PCM is the process of making maps that attempt to make visible the association between land and local communities by using cartography. Participatory maps show spatial information on the layout of an area, which is created jointly with local people. We used PCM technique in this study to provide an in-depth understanding of the factors and processes involved in determining how people migrated from areas in Lower Shabelle and Bay to camps for internally displaced persons (IDP) in the Afgooye Corridor, Mogadishu. We focussed on those that migrated during the during the drought and health crisis in 2017.
Using PCM we set out to answer the research questions:
- Which migration routes did people use?
- Why were these routes preferred?
- What happened during the journey that affected your health, and where did these events occur?
Data collection was undertaken by two local data collectors (both had prior experience in qualitative data collection) and supported by the lead researcher. Community Health Workers helped arrange the interviews and focus groups and locate participants. Potential participants was purposively sampled from the lists of camp residents that had been compiled as part of the Concern/UCL Nutrition and Mortality Monitoring System. They were then approached and invited to take part in the study.
Participants who had given informed consent were initially asked to take part in focus group discussions and/or interviews on the topic of migration and health. A purposively selected case series of IDPs, including both adult women and men, were then selected from these participants and invited to take part in the PCM exercise. The primary selection criteria for the PCM was based on their knowledge of the migration routes that they had used during their journey to the IDP camps.

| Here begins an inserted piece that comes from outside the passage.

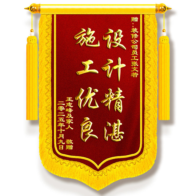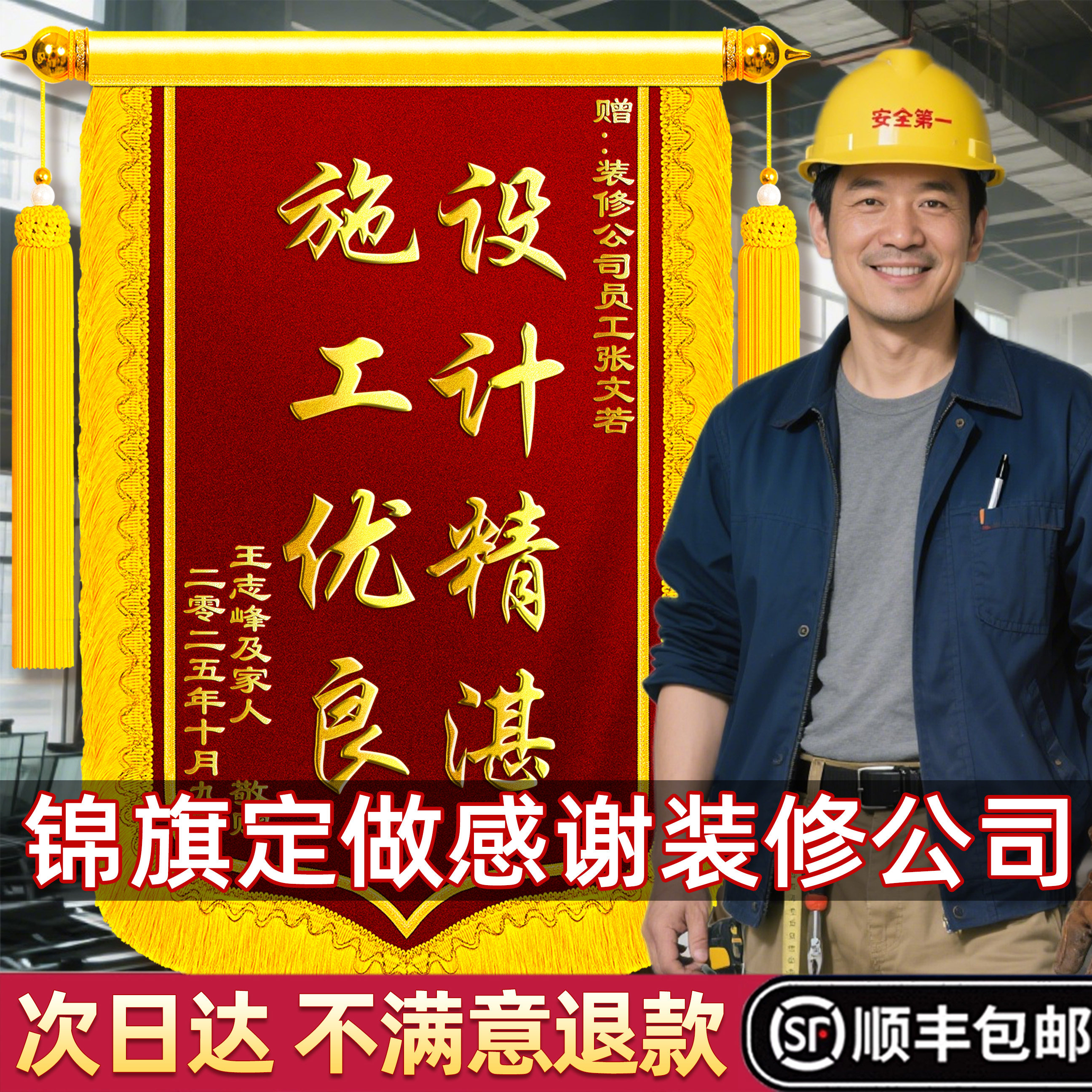 锦旗定制感谢装修公司定做送设计师监理服务工程师工长项目经理施工师傅展示工地形象精湛优良施工专业旌旗

We conducted six PCM exercises, each done with one individual participant or with several members of a family. The first two maps were constructed using large-scale printed Somalia maps. (Photo 1) However, we found that this process had limited success as the maps we were able to obtain and print did not have a high enough resolution to show all the villages where people were coming from or passing through on their journeys, so the resulting maps were somewhat sketchy. We therefore decided to use manual drawing and began each mapping exercise with a blank piece of paper. (Photo 2)

This approach proved much more successful in elucidating and illustrating the routes and transportation means that they had used to travel to the camps. It also revealed interesting information on the difficult decisions that families had to make during their journeys and some of the potential costs that they paid in terms of health outcomes.

Our experience, so far, with using PCM is that it is a useful additional tool to have available for use in qualitative studies. It helps capture information that would be hard to understand and visualise from a verbal narrative on its own, and helps the participant to recall and recount the migratory journey. As with other similar approaches, asking people to recount, and at some level re-experience, journeys that may have involved the loss of livelihoods and family members may be traumatic. Fully informed consent and sensitive handling of the mapping process is essential.